Hi I am trying to evaluate a integral and I am hoping for some assistance
$$\int \frac{9x^2}{(x^6+9)} dx $$
I have rewritten the problem as shown below
$$\int 9x^2(x^6+9)^{-1}dx$$
Therefore I attempted the question by using integration by parts
$$\int udv = uv- \int vdu$$
$$u = (x^6+9)^{-1}$$ $$du = -6x^5(x^6+9)^{-2} dx$$
$$dv = 9x^2dx$$ $$v = 3x^3$$
Therefore substituting into the integration by parts formula we get
$$\int 9x^2(x^6+9)^{-1} dx = 3x^3(x^6+1)^{-1} - \int -18x^8(x^6+9)^{-2} dx$$
$$\int 9x^2(x^6+9)^{-1} dx = 3x^3(x^6+1)^{-1} - \int 3x^3 \frac{-6x^5}{(x^6+9)^2}dx$$
Then i tried using integration by substitution here
$$let u = x^6+9$$
$$\frac{du}{dx} = 6x^5$$
$$\frac{du}{6x^5} = dx$$
$$\int 9x^2(x^6+1)^{-1} dx = 3x^3(x^6+1)^{-1} - \int \frac{-3x^3}{u^2}du$$
This is where i have reached in terms of evaluating the problem When making the substitution I have gotten a $3x^3$ within the integral I am hoping someone can help evaluate this integral.
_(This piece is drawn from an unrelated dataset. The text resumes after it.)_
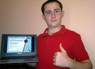 Победители викторины (всего их 10 человек) получили отличный приз: сертификат на программу ABBYY FineReader 11 Professional Edition, которая предназначена для распознавания текста, которая переводит изображения документов и любых типов PDF-файлов в электронные редактируемые форматы. Мы получили фотоотчёты пока только от 7-ми призёров, но не теряем надежды получить и от остальных.
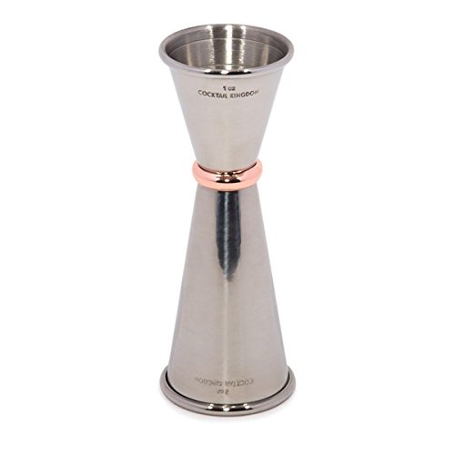 -. Title : Cocktail Kingdom Japanese Style Jigger 1oz / 2oz - Stainless Steel, Mirror Finish / Copper-Plated Ring

Now i am working on Picards Method of successive approximations
$$y_0 = y_0 \int f(x,y_0) dx$$
the ODE given was $$y' = \frac{x^2}{y^2+1}$$
$$x_0 = 0, y_0 =0$$
Therefore first approximation given by the following
$$y_1 = y_0 + \int f(x,y_0)dx$$
therefore y1
$$y_1 = 0 + \int \frac{x^2}{0+1} dx$$
$$y_1 = \frac{x^3}{3}$$
Second approximation
$$y_2 = y_0 + \int f(x,y_1)dx$$
Therefore we get the following
$$y_2 = 0 + \int \frac{x^2}{\frac{x^6}{9}+1} dx$$
and this is why i am trying to evalaute the integral but the solution which i am seeing is in the form
$$y = \frac{x^3}{3}+\frac{-x^9}{81}$$
and i am trying to see how they arrvied at this answer
$$I=\int \frac{9x^2}{(x^6+9)} dx$$ $$I=\int \frac{3dx^3}{(x^3)^2+9} =\int \frac{dx^3/3}{(x^3/3)^2+1} $$ $$I=\int \frac{du}{u^2+1} $$ Where $u=\dfrac {x^3}3$. Then use the $\arctan $ function. $$I=\arctan u +C=\arctan \left(\dfrac {x^3}3 \right)+C $$